§ **To do**:
Only the lines below from the one with "Пуф раскладушка Bubble" through the one with "Графический каталог запасных" are to be written out, exactly and without any images.

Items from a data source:

__________________________________________________

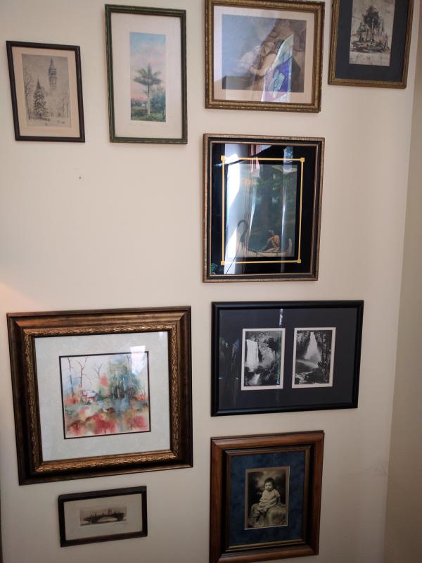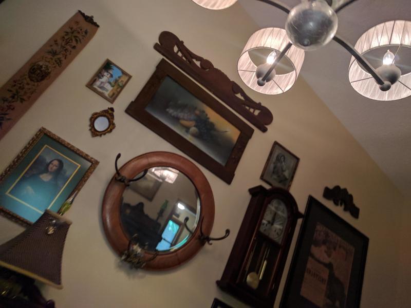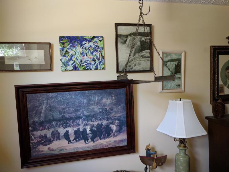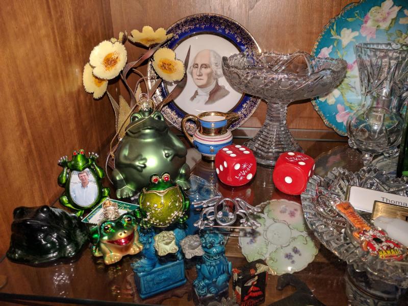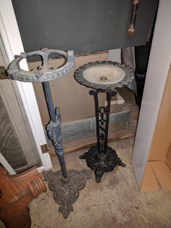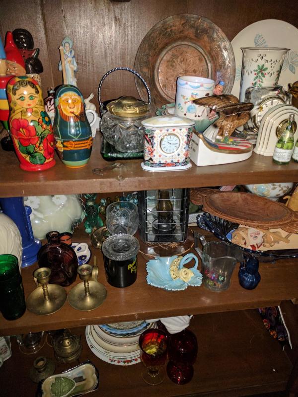 Panel lamps, stained glass windows, New Haven clock, crocks, cast iron door stops, Matchbox cars, banquet lamps, numerous oils & prints, old fans, cast iron banks, paperweight collection, posters, pastel chalks, copperware, life-sized cast iron bust of Hermes, marble pedestal, turquoise jewelry, kerosine lamps, Pewterware, ash receivers, 6’ totem pole, gumball machine, spinning wheel, cast bookends, vintage safe, etc.
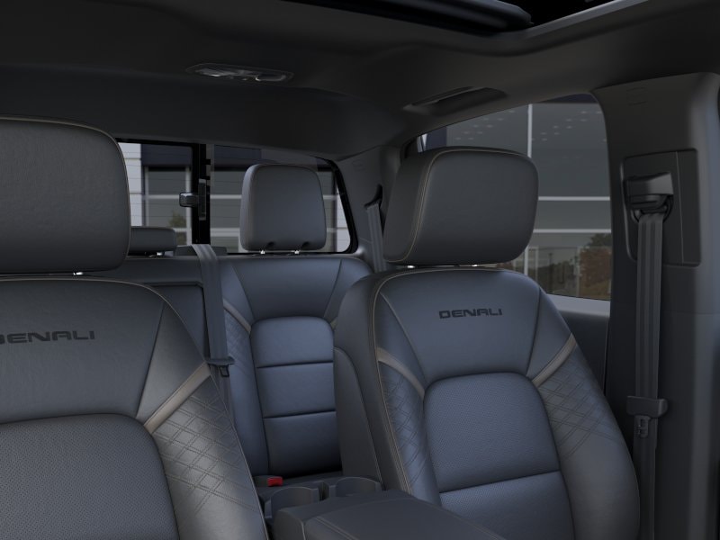Inside, the Canyon Denali offers unparalleled luxury and technology. The Heads-Up Display keeps essential information in your line of sight, while the Premium Sound System and Smart Device Integration ensure an immersive driving experience. Comfort is at the forefront with leather bucket seats, heated and cooled front seats, and a heated steering wheel, making every journey a pleasure.
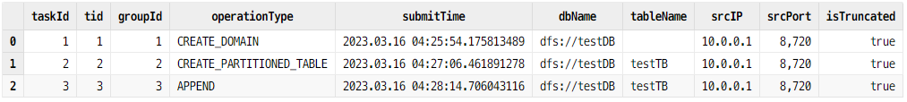 主集群生成了三个异步复制任务,分别对应创建数据库、创建表和插入数据。关于上图中各参数的介绍请参考函数介绍。
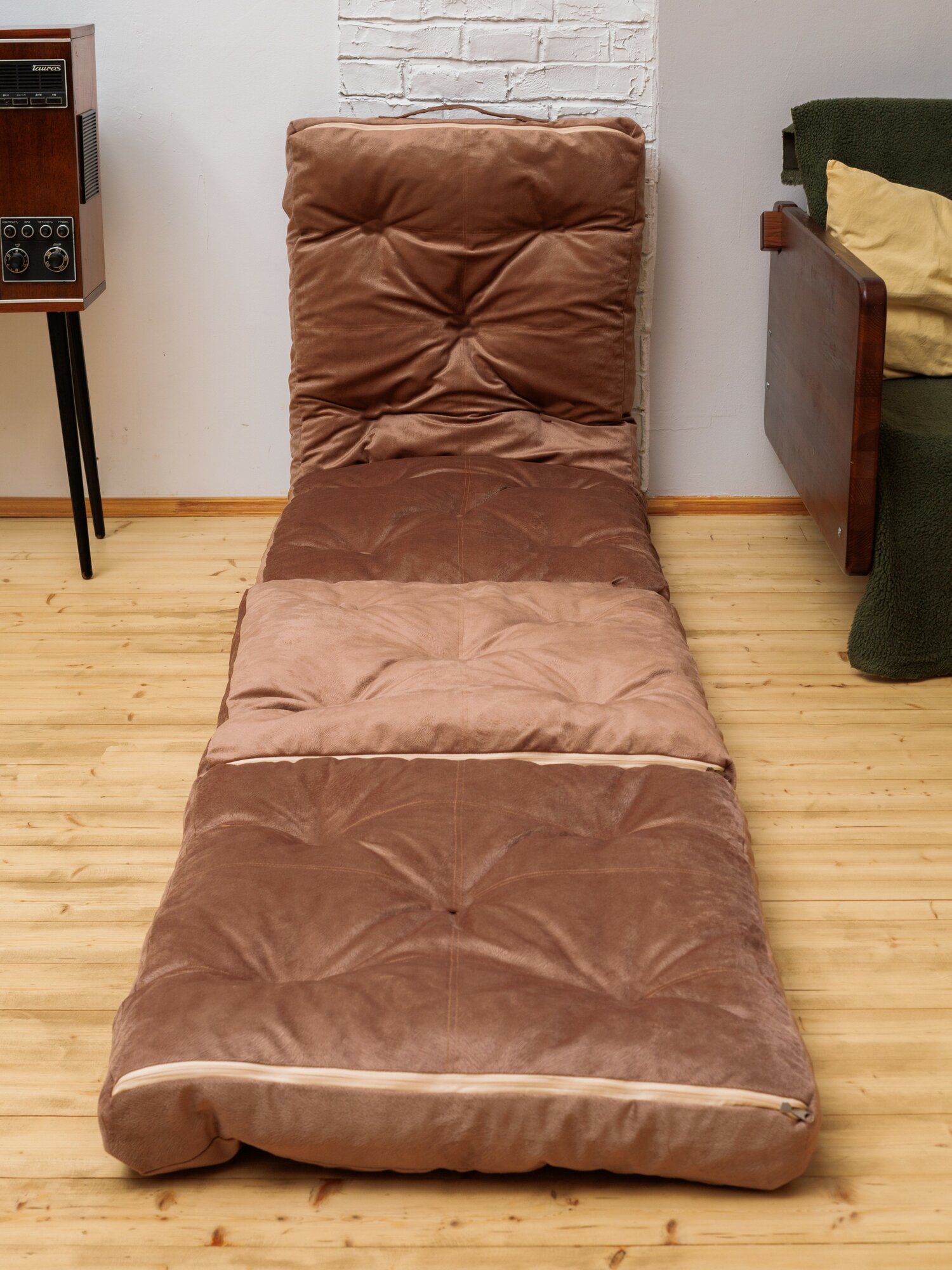 Пуф раскладушка Bubble Bag 70х80х40 см трансформер матрас из натурального велюра раскладной 4 блока Шоколадный
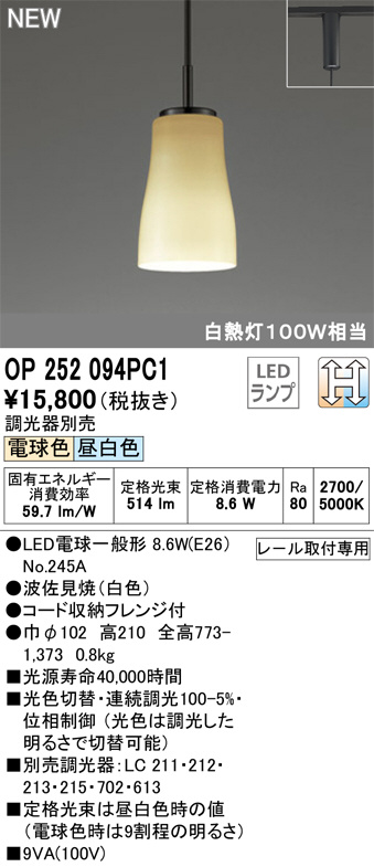 ODELIC ¥ª¡¼¥Ç¥ê¥Ã¥¯ ¥Ú¥ó¥À¥ó¥È¥é¥¤¥È OP252094PC1
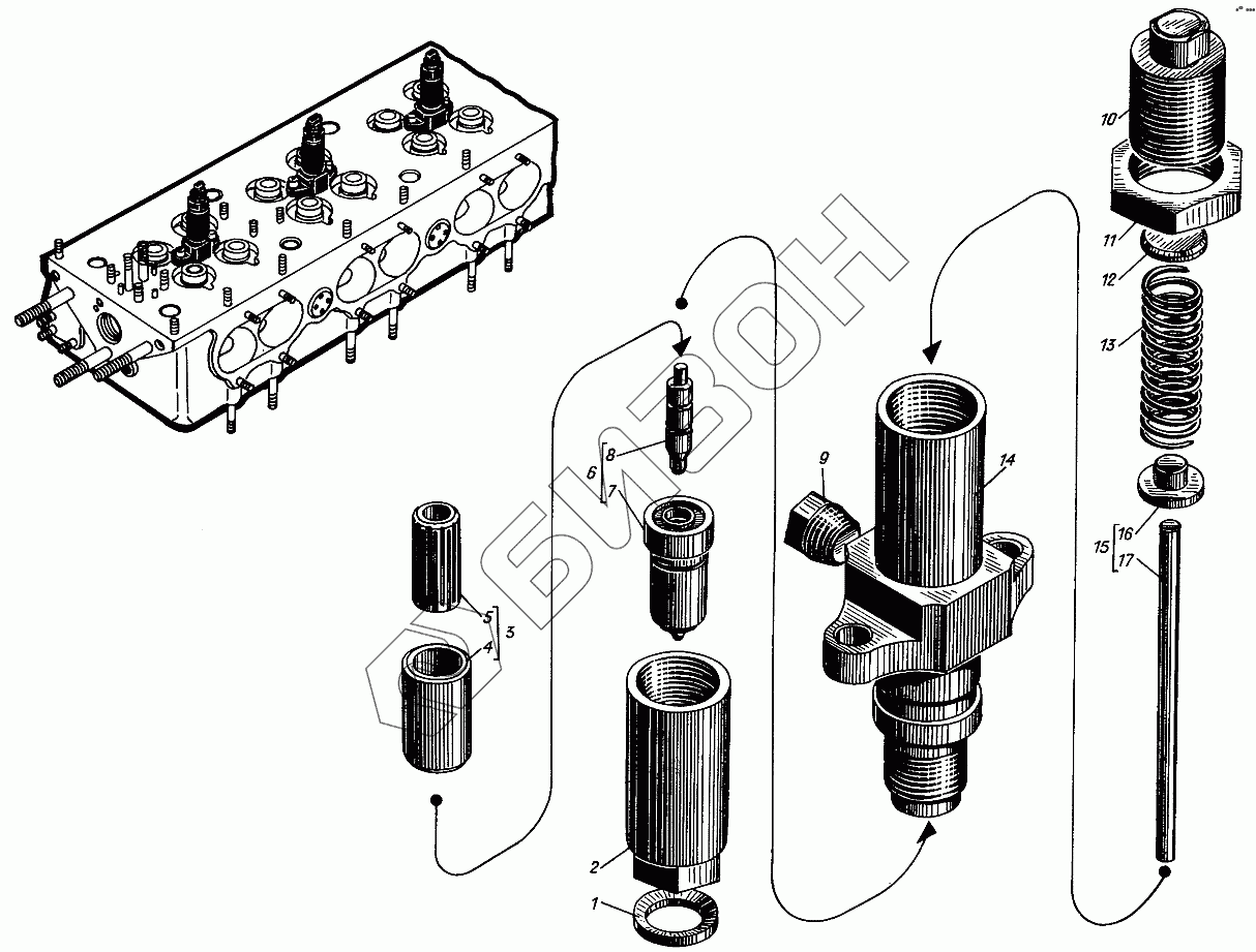 Графический каталог запасных частей к технике: Барнаултрансмаш Дизели Д12С1. Форсунки
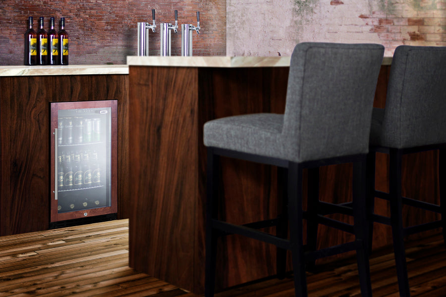 SUMMIT's selection of built-in undercounter beverage coolers combines user-friendly convenience with elegant style for an ideal fit in any setting.The SCR1841BPNRADA is an 18'' wide all-refrigerator designed for use in residential settings. At 32'' high, this unit is designed to fit under lower ADA compliant counters. The front-breathing system allows built-in installation, while the fully finished black cabinet also allows freestanding use. The glass door features a panel-ready stainless steel door trim that lets you customize the look to best match adjacent cabinetry (panel dimensions: 27 5/8'' H x 17 3/8'' W at 3/4'' minimum thickness). NOTE: this unit ships with a right hand door swing. For a left hand version, add option LHD. Users provide their own handle. Items can be stored on four adjustable chromes shelves in the auto defrost interior, with attractive LED lighting providing an elegant display. The digital thermostat offers intuitive temperature management. The SCR1841BPNRADA can be paired with our matching wine cellar, see the SWC1840BPNRADA. For this unit in a counter height, see the SCR1841BPNR. Note: Panel is not included. The images provided are meant only to be suggestive of what the product with a wood panel installed could look like. Users must supply their own wood panel.
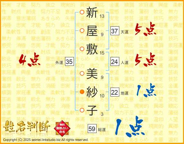 新(13画)屋(9画)敷(15画) 美(9画)紗(10画)子(3画)

__________________________________________________

§ **Written answer**:
 Пуф раскладушка Bubble Bag 70х80х40 см трансформер матрас из натурального велюра раскладной 4 блока Шоколадный
 ODELIC ¥ª¡¼¥Ç¥ê¥Ã¥¯ ¥Ú¥ó¥À¥ó¥È¥é¥¤¥È OP252094PC1
 Графический каталог запасных частей к технике: Барнаултрансмаш Дизели Д12С1. Форсунки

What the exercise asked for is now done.